### Task to complete
The expected result is a word-for-word copy of the entries, minus any pictures.

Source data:
══════════

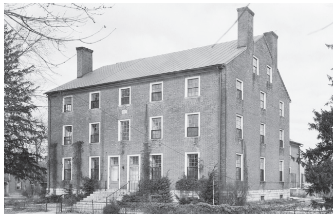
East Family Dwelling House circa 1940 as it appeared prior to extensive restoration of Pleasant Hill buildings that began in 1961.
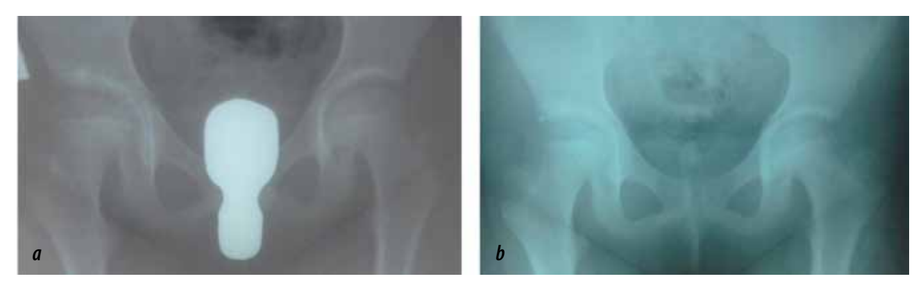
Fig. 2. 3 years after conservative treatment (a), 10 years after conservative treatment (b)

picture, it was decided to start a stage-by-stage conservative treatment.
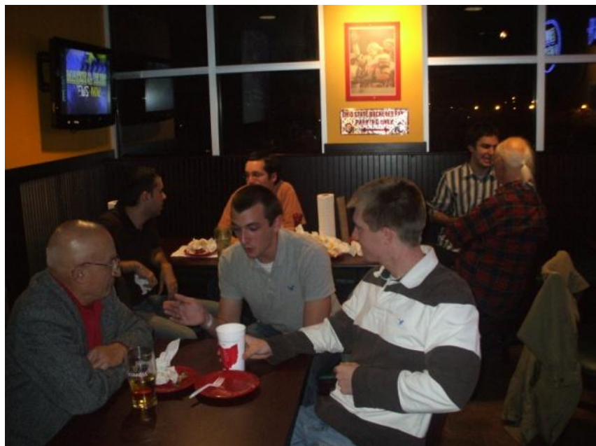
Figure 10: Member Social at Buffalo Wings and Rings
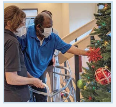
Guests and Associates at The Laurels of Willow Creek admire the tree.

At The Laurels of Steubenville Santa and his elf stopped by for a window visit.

══════════

### Exercise answer
East Family Dwelling House circa 1940 as it appeared prior to extensive restoration of Pleasant Hill buildings that began in 1961.
Fig. 2. 3 years after conservative treatment (a), 10 years after conservative treatment (b)

picture, it was decided to start a stage-by-stage conservative treatment.
Figure 10: Member Social at Buffalo Wings and Rings
Guests and Associates at The Laurels of Willow Creek admire the tree.

At The Laurels of Steubenville Santa and his elf stopped by for a window visit.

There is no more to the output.